Ukrainian soldiers on the front line in Donetsk. Ukraine has faced recruitment challenges as the war with Russia nears the 18-month mark. Photograph: AP Photo/Libkos
Ukrainian soldiers on the front line in Donetsk. Ukraine has faced recruitment challenges as the war with Russia nears the 18-month mark. Photograph: AP Photo/Libkos

One building badly damaged in Thursday’s attack was a hotel regularly used by UN staff, employees of other aid agencies and visiting journalists. Hotels with similar clientele have been hit in recent deadly Russian strikes on the eastern cities of Kramatorsk and Pokrovsk.

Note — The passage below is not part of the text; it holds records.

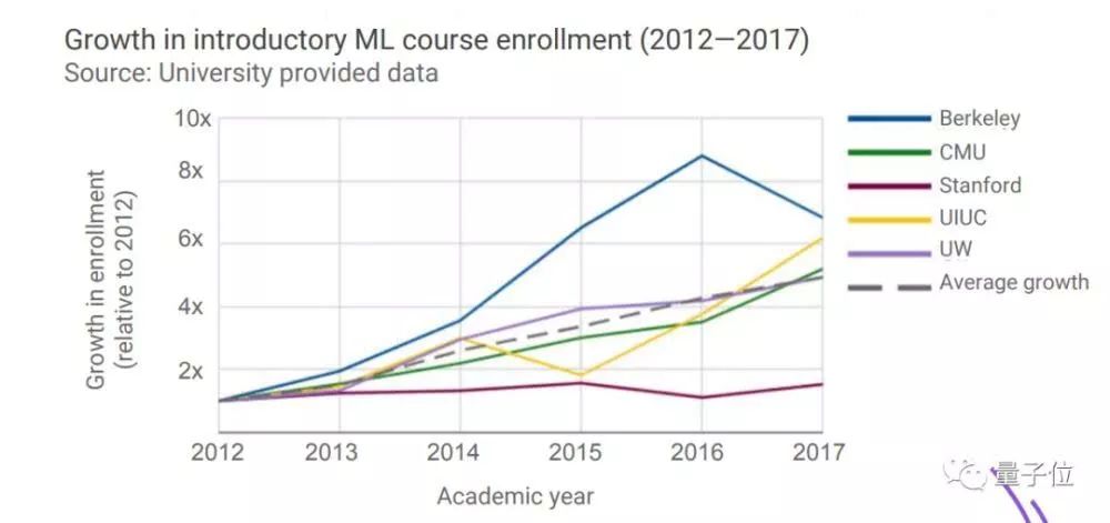 其中,UC伯克利的ML課程的注冊人數(shù)增長最快,是2012年的6.8倍,但此數(shù)值較2016年增長速度有明顯下降。
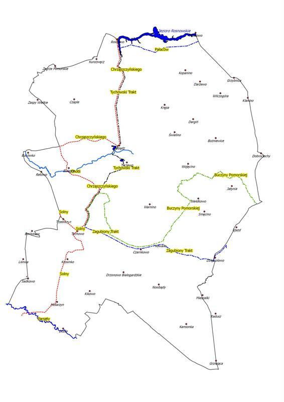 - trasa: Koszalin (Góra Chełmska) – Maszkowo – Lubiatowo – Manowo – Rosnowo –Pobądz – Bukowo – Tychowo
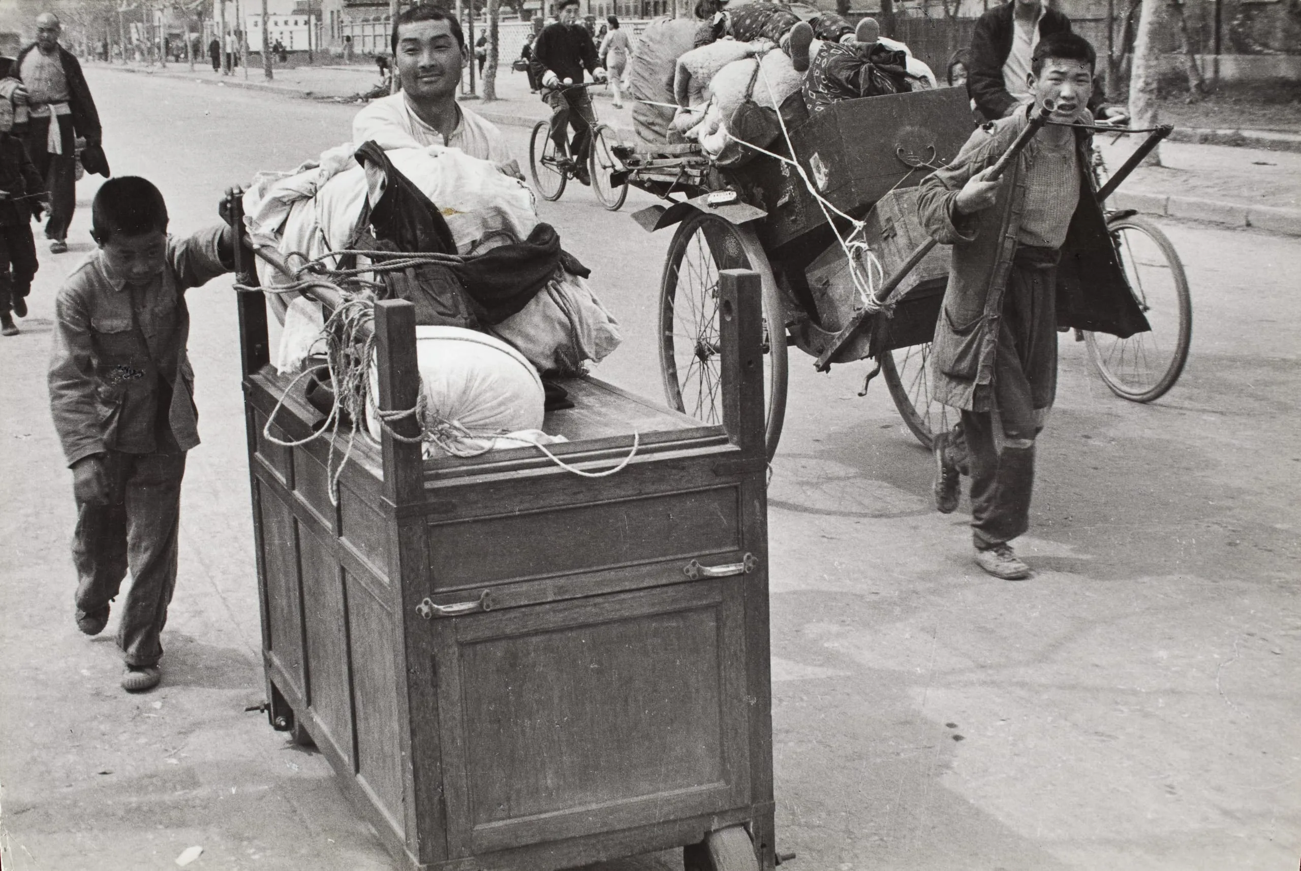 - China (Nanking. A refugee's cart piled high with family possessions...)

“I am appalled by the news that a hotel frequently used by United Nations personnel and our colleagues from NGOs supporting people affected by the war has been hit by a Russian strike in Zaporizhzhia. It is utterly inadmissible,” said Denise Brown, UN humanitarian co-ordinator for Ukraine.

“The number of indiscriminate attacks hitting civilian infrastructure, killing and injuring civilians, have reached unimaginable levels – these attacks violate international humanitarian law ... I call on the Russian Federation to comply with their obligations under international humanitarian law and immediately stop indiscriminate attacks on Ukraine,” she added.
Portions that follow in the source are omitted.